Copyright: Rijks Museum: Open Domain

Editor: This is "Trees and Houses by a Pond," a pencil and pen drawing by Johannes Tavenraat from around 1864 to 1868, housed here at the Rijksmuseum. It strikes me as a very intimate sketch, almost like a glimpse into the artist’s private notebook. What do you see in this piece, looking at it from a formal perspective? Curator: Immediately, the bifurcated composition compels me. Two distinct landscapes are presented, each separated yet bound by the spine of what appears to be a sketchbook. Note the contrast in line weight. The left panel exhibits a greater density of marks, particularly in the clustering of trees. Editor: Yes, I notice that too. The trees on the left have a certain weight to them, whereas on the right the depiction of the foliage is so much lighter.
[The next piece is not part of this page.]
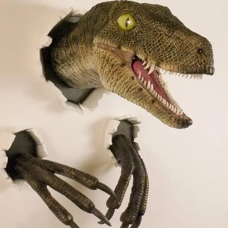 3D Dinosaur Wall Decor Set, Realistic Head and Claws, Three-Piece Broken Wall Design, Dinosaur Themed Design, Party Decoration, Kids Room, Jurassic Theme, Hanging Gift

Why would the artist have approached the two scenes with different strategies? Curator: The variation might signal a difference in the artist's engagement with the scene at hand. Or perhaps it represents two discrete moments in time, captured with immediacy in situ. Observe the inscriptions below the landscape on both pages of the spread; one even seems to describe a treatment of water, further contextualizing the sketches in terms of pure representation. Does this change your thinking? Editor: It does, a little. It's fascinating how those notes provide more texture, even like they're part of the art. What did you take away from considering the sketchbook aspect and composition in "Trees and Houses by a Pond?" Curator: Primarily that even in what appears to be a casual sketch, we can discern deliberate formal choices which encourage us to decode its underlying visual structure. What initially seemed like a fleeting impression reveals itself to be a carefully constructed composition, designed to capture the very essence of the landscape. Editor: Thanks. Now I am looking closer at not just what, but how the landscape and writing coexist on a simple piece of paper. It enriches the way I will view art from now on.